Records from a collection =
<<<<

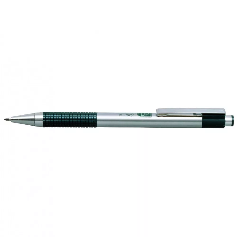 Az F-301 golyóstoll rozsdamentes acél tollteste a stílus és a tartósság záloga. Bordázott markolata garancia a kényelmes és stabil írásra. Markolat színek zöld. Tintaszín: kék. Golyóátmérő: 0,7 mm, írásvastagság 0,24 mm. Betét: F. 12db/gyűjtő, 1152db/karton. Katalóguskód: 766
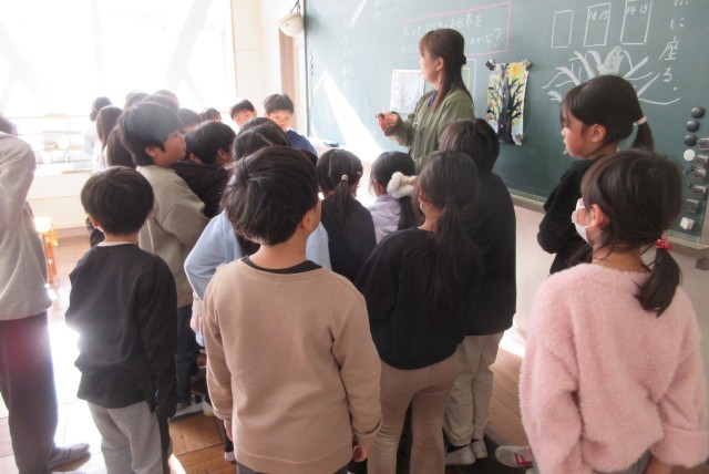 モチモチの木の題材となったトチノキの実を見せてもらって、子供たちは
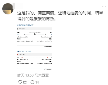 网民纷纷吐槽,指马航更改航班,已经对他们造成极大不便,“老早买好的机票,也请了年假,如今 却收到马航的航班改期通知,真的让人震惊。” “如果是同一天起飞,更换的是时间还好,但是如今却是提前数日起飞,真的太离谱了。”
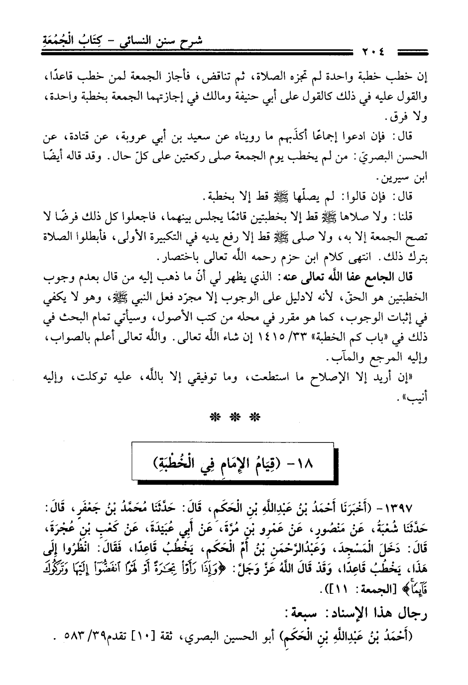 قال: فإن ادعوا إجماعاً أكذَبهم ما رويناه عن سعيد بن أبي عروبة، عن قتادة، عن الحسن البصريّ: من لم يخطب يوم الجمعة صلى ركعتين على كلّ حال. وقد قاله أيضاً ابن سيرين.
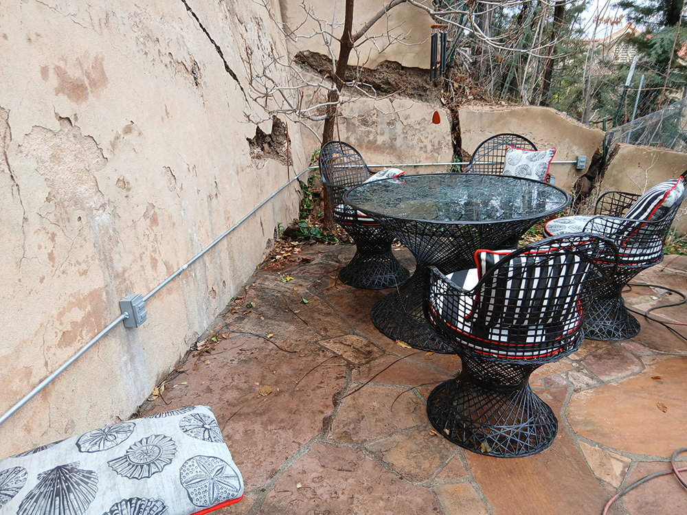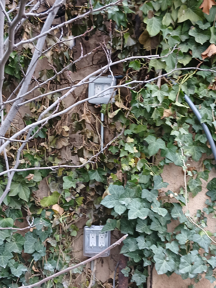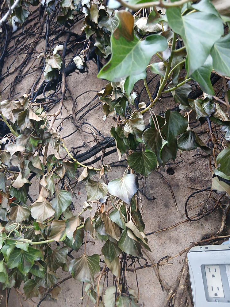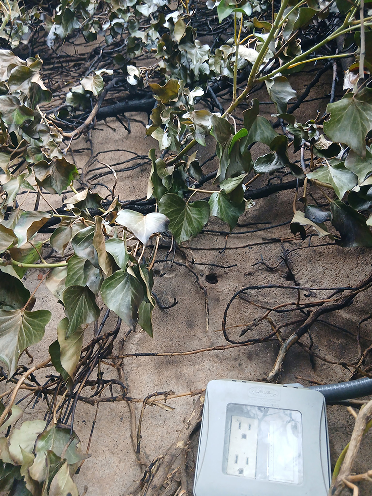 Recently our angels were really looking out for us in the Reunited Resurrected garden when we were alerted to smoke streaming out of the back retaining wall ivy – yipes! The Jerome Fire Dept arrived in a flash and although there were no flames the smoke was significant. They quickly ascertained that packrats had chewed through an outside extension cord and on top of everything, the GFI failed to trip – another bigger yipes. These guys continue to amaze our small community members with their responsiveness, expertise and human caring. The situation could have been far more serious but it surely got our attention so action needed to be taken sooner rather than later. Here is what the wall, the burned English ivy and the GFI looks like as a result of the packrat’s mischief.
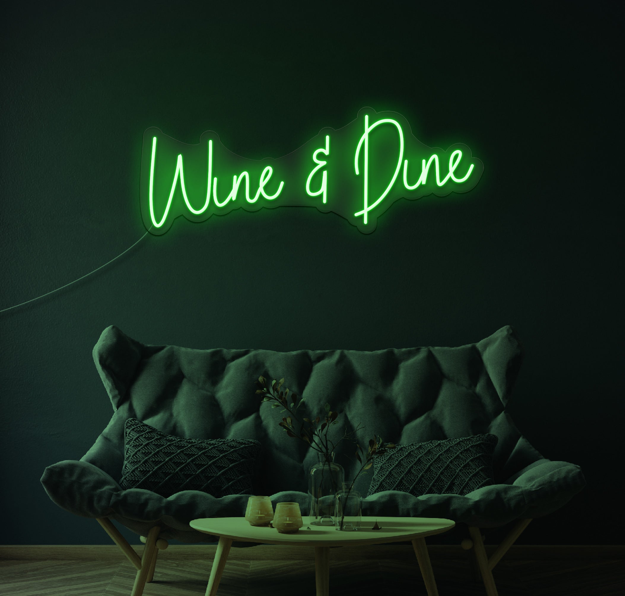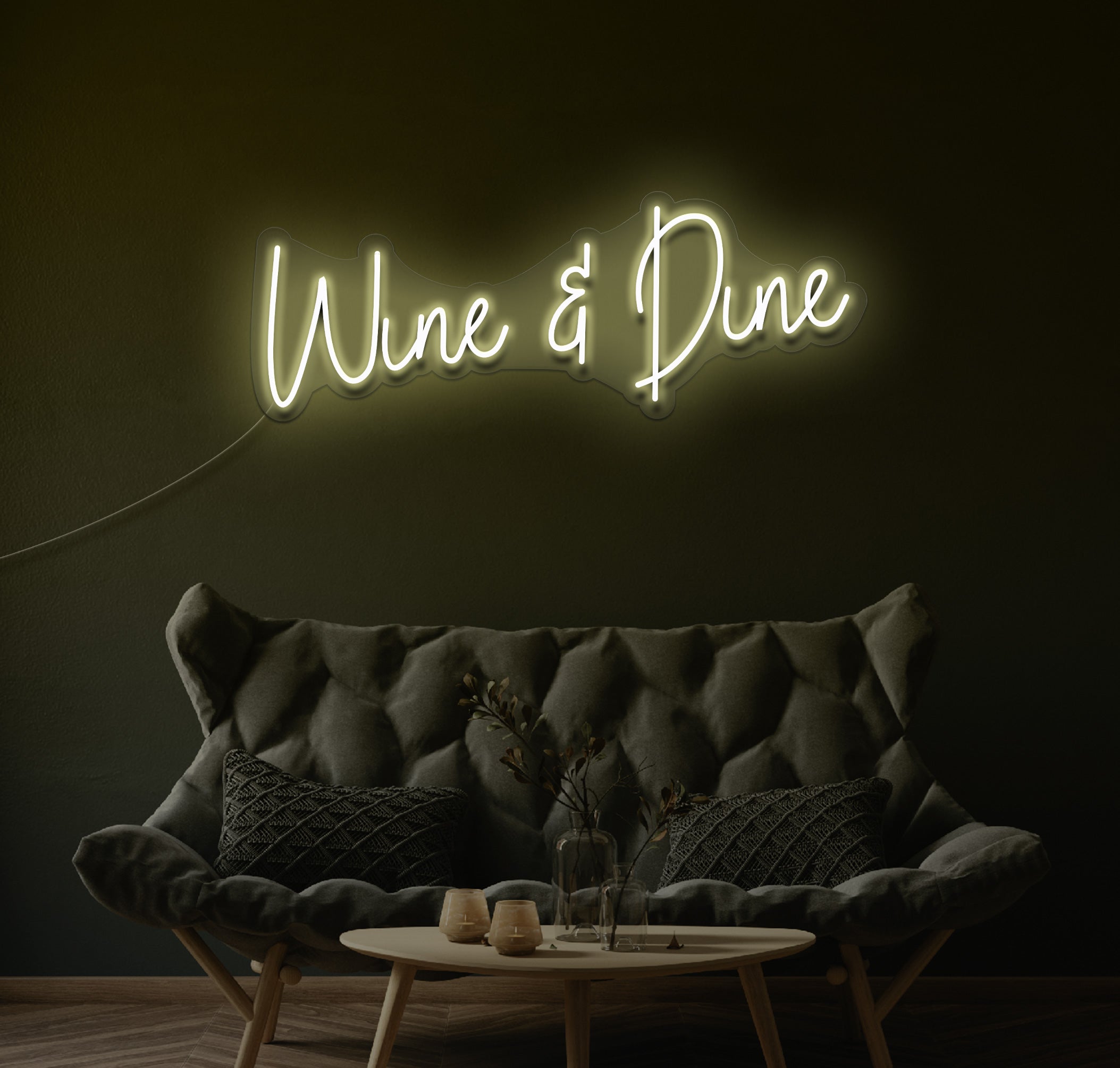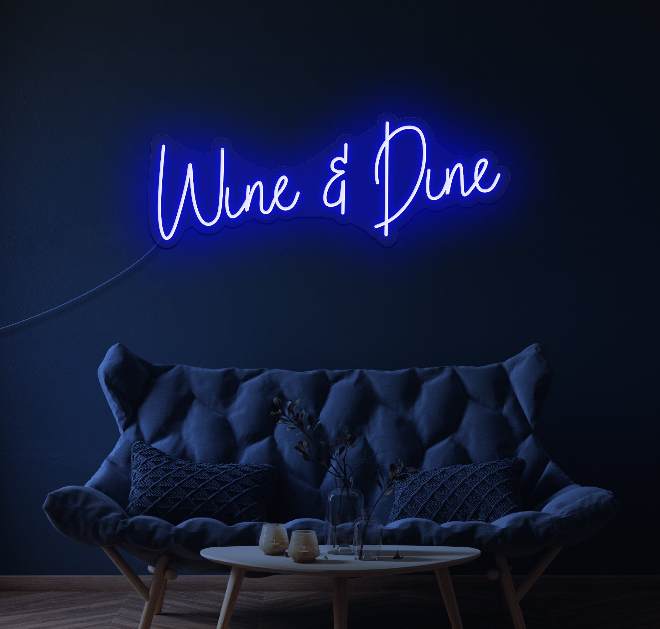 Transform your dining space with the "Wine and Dine LED Neon Sign," a perfect blend of elegance and modernity. Ideal for kitchens, dining rooms, bars, or restaurants, this vibrant neon light creates an inviting atmosphere for any gathering or special occasion. The "Wine and Dine" text is beautifully crafted in stunning LED neon, making it a focal point that enhances your decor.
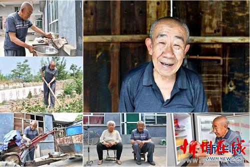 郭中其,男,1949年出生,山西省長(zhǎng)治市潞城區(qū)常村人,全家6口人靠種地為生,因家人重病而造成生活困難。被納入建檔立卡貧困戶(hù)后,郭中其家人治病的花銷(xiāo)顯著減少,子女參加了免費(fèi)技能培訓(xùn)并找到了工作,家里的生活條件得到了改善,2017年全家脫了貧。 右上:郭中其肖像;左上:郭中其在院子里接水;左中:郭中其在田地里鋤草;左下:郭中其在擦拭拖拉機(jī);下中:郭中其和老伴坐在院子里;下右:郭中其從冰箱里拿出西紅柿(拼版照片,6月12日攝)。 地處晉東南的山西省長(zhǎng)治市,位于由太行山、太岳山環(huán)繞而成的上黨盆地中。在群山中、崖壁上,許多村莊自然條件惡劣,基礎(chǔ)設(shè)施落后,脫貧致富是大山深處人們的迫切心愿。 近年來(lái),一場(chǎng)場(chǎng)脫貧攻堅(jiān)戰(zhàn),在一個(gè)個(gè)深山村打響。政府全力探索脫貧路徑的同時(shí),山區(qū)百姓因地制宜,靠自己的雙手和智慧走上致富路,交出了一份扎實(shí)的脫貧答卷。 記者在太行山、太岳山一路尋訪,記錄下多位70歲老人的生活。這些共和國(guó)的同齡人,親歷了山鄉(xiāng)的巨變,見(jiàn)證著長(zhǎng)治山區(qū)脫貧攻堅(jiān)偉大工程的一步步推進(jìn)。 新華社記者 曹陽(yáng) 攝
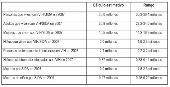 El Programa Conjunto de las Naciones Unidas para el SIDA (ONUSIDA), resume los principales datos epidemiológicos de esta manera8:
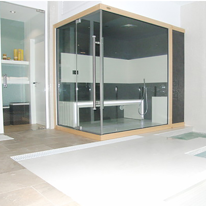 •Baño de Vapor con ducha de hidromasaje interior con frontal de vidrio, integrado en el ambiente.

>>>>

Aim of the task = Output all the records above again exactly, with the pictures dropped.

Written answer =
 Az F-301 golyóstoll rozsdamentes acél tollteste a stílus és a tartósság záloga. Bordázott markolata garancia a kényelmes és stabil írásra. Markolat színek zöld. Tintaszín: kék. Golyóátmérő: 0,7 mm, írásvastagság 0,24 mm. Betét: F. 12db/gyűjtő, 1152db/karton. Katalóguskód: 766
 モチモチの木の題材となったトチノキの実を見せてもらって、子供たちは
 网民纷纷吐槽,指马航更改航班,已经对他们造成极大不便,“老早买好的机票,也请了年假,如今 却收到马航的航班改期通知,真的让人震惊。” “如果是同一天起飞,更换的是时间还好,但是如今却是提前数日起飞,真的太离谱了。”
 قال: فإن ادعوا إجماعاً أكذَبهم ما رويناه عن سعيد بن أبي عروبة، عن قتادة، عن الحسن البصريّ: من لم يخطب يوم الجمعة صلى ركعتين على كلّ حال. وقد قاله أيضاً ابن سيرين.
 Recently our angels were really looking out for us in the Reunited Resurrected garden when we were alerted to smoke streaming out of the back retaining wall ivy – yipes! The Jerome Fire Dept arrived in a flash and although there were no flames the smoke was significant. They quickly ascertained that packrats had chewed through an outside extension cord and on top of everything, the GFI failed to trip – another bigger yipes. These guys continue to amaze our small community members with their responsiveness, expertise and human caring. The situation could have been far more serious but it surely got our attention so action needed to be taken sooner rather than later. Here is what the wall, the burned English ivy and the GFI looks like as a result of the packrat’s mischief.
 Transform your dining space with the "Wine and Dine LED Neon Sign," a perfect blend of elegance and modernity. Ideal for kitchens, dining rooms, bars, or restaurants, this vibrant neon light creates an inviting atmosphere for any gathering or special occasion. The "Wine and Dine" text is beautifully crafted in stunning LED neon, making it a focal point that enhances your decor.
 郭中其,男,1949年出生,山西省長(zhǎng)治市潞城區(qū)常村人,全家6口人靠種地為生,因家人重病而造成生活困難。被納入建檔立卡貧困戶(hù)后,郭中其家人治病的花銷(xiāo)顯著減少,子女參加了免費(fèi)技能培訓(xùn)并找到了工作,家里的生活條件得到了改善,2017年全家脫了貧。 右上:郭中其肖像;左上:郭中其在院子里接水;左中:郭中其在田地里鋤草;左下:郭中其在擦拭拖拉機(jī);下中:郭中其和老伴坐在院子里;下右:郭中其從冰箱里拿出西紅柿(拼版照片,6月12日攝)。 地處晉東南的山西省長(zhǎng)治市,位于由太行山、太岳山環(huán)繞而成的上黨盆地中。在群山中、崖壁上,許多村莊自然條件惡劣,基礎(chǔ)設(shè)施落后,脫貧致富是大山深處人們的迫切心愿。 近年來(lái),一場(chǎng)場(chǎng)脫貧攻堅(jiān)戰(zhàn),在一個(gè)個(gè)深山村打響。政府全力探索脫貧路徑的同時(shí),山區(qū)百姓因地制宜,靠自己的雙手和智慧走上致富路,交出了一份扎實(shí)的脫貧答卷。 記者在太行山、太岳山一路尋訪,記錄下多位70歲老人的生活。這些共和國(guó)的同齡人,親歷了山鄉(xiāng)的巨變,見(jiàn)證著長(zhǎng)治山區(qū)脫貧攻堅(jiān)偉大工程的一步步推進(jìn)。 新華社記者 曹陽(yáng) 攝
 El Programa Conjunto de las Naciones Unidas para el SIDA (ONUSIDA), resume los principales datos epidemiológicos de esta manera8:
 •Baño de Vapor con ducha de hidromasaje interior con frontal de vidrio, integrado en el ambiente.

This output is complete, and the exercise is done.